→ About this task
In the material below, the line holding "1. Remove the" and every line after it should be reproduced exactly, please, with pictures omitted.

→ Dataset extract
---

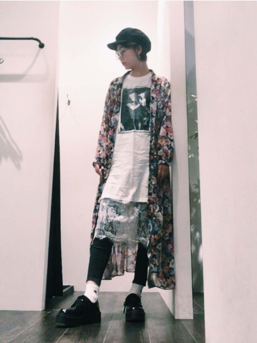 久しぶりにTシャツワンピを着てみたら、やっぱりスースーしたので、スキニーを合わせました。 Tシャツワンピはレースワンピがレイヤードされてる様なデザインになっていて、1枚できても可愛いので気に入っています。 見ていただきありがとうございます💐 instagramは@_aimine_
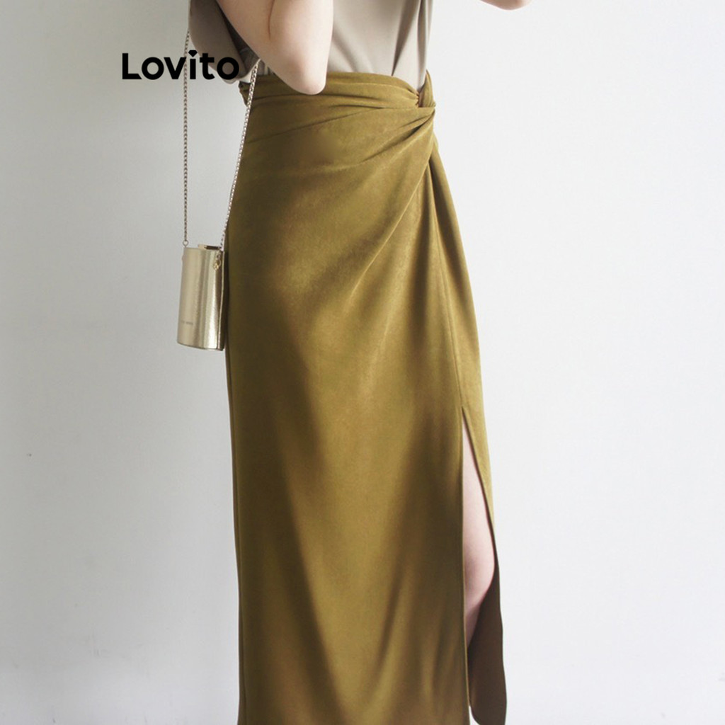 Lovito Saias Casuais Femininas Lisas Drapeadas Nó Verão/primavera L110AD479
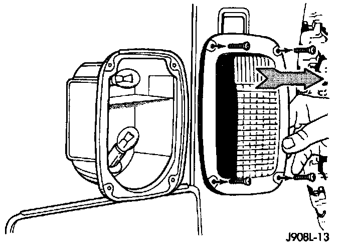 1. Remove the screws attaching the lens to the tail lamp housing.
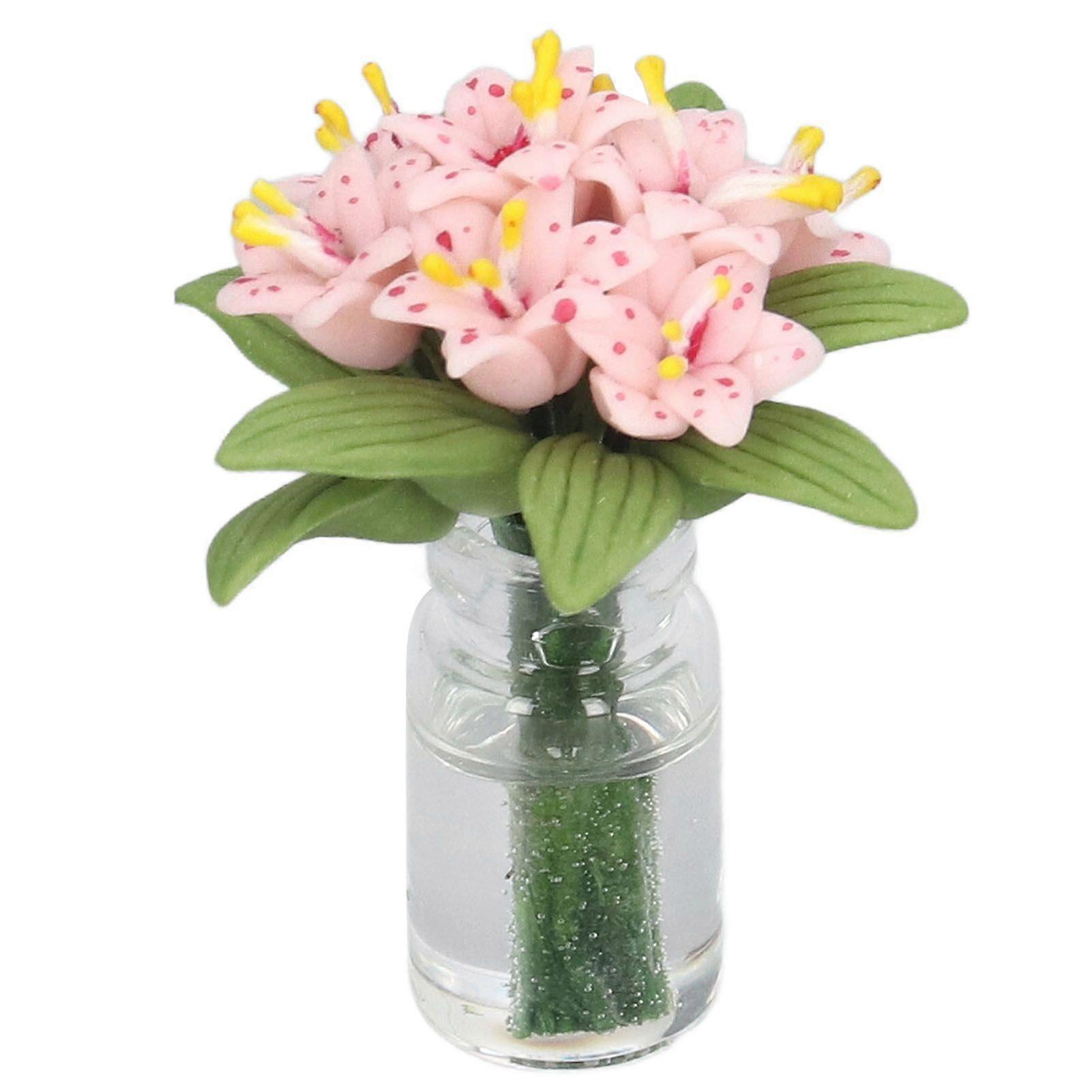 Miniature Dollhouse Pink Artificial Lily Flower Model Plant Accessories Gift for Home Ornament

---

→ Task answer
 1. Remove the screws attaching the lens to the tail lamp housing.
 Miniature Dollhouse Pink Artificial Lily Flower Model Plant Accessories Gift for Home Ornament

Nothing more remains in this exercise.